Orange County Executive Edward A. Diana recently presented Rebekah Ortiz, a resident of Westtown, with the 2011 Orange County Human Rights Commission’s annual scholarship.
The scholarship, a $500 cash prize, recognizes Ortiz for her efforts to further human rights awareness and cultural acceptance on a local and national level.
Ortiz, a 2011 Minisink Valley High School graduate, was an active participant in her school’s activities, serving as President of the Student Council and the Key Club her senior year, as well as Director of Students Against Destructive Decisions (SADD) for her last two years. She is also involved with many nation-wide environmental groups, spending time lobbying and advocating in Washington, D.C.

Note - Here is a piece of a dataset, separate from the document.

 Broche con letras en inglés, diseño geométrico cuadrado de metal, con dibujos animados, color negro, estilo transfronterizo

“Rebekah, through her countless academic, volunteer, and extracurricular activities, exemplifies the goals and mission of the Human Rights Commission to promote respect and understanding throughout the community,” said County Executive Diana. “As an educator for more than 30 years, I’ve witnessed many students with Rebekah’s passion continue on to change society,” continued Diana. “I wish her further success.”

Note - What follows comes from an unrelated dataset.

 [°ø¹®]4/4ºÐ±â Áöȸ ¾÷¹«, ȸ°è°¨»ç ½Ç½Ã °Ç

An accomplished student, Ortiz was also the recipient of a Susan B. Anthony and Fredrick Douglass Award for outstanding high school juniors in leadership and academics, the Zonta International Young Women in Public Affairs Award, and two Sojourner Truth Awards for Citizenship, among many others.
“On behalf of the Human Rights Commission, it’s my honor to present Rebekah with the 2011 scholarship,” said Kathleen Francese, vice chair of the Human Rights Commission and Scholarship committee chair. “She volunteers countless hours to advance the causes she is passionate about. We believe that she is a role model to the community and are proud to award her this scholarship.”
Ortiz is planning to study civil environmental infrastructure engineering, starting her undergraduate career at Northern Virginia Community College. Afterward, she hopes to continue working as a human rights activist in Washington, D.C.
In addition to her innumerable volunteer and extracurricular achievements, Ortiz is an active participant in many of her church activities.
The Orange County Human Rights Commission has been presenting the scholarship since 2006. It is funded through proceeds from the Commission’s annual dinner held each April.
The dinner recognizes community members who support human rights efforts in Orange County.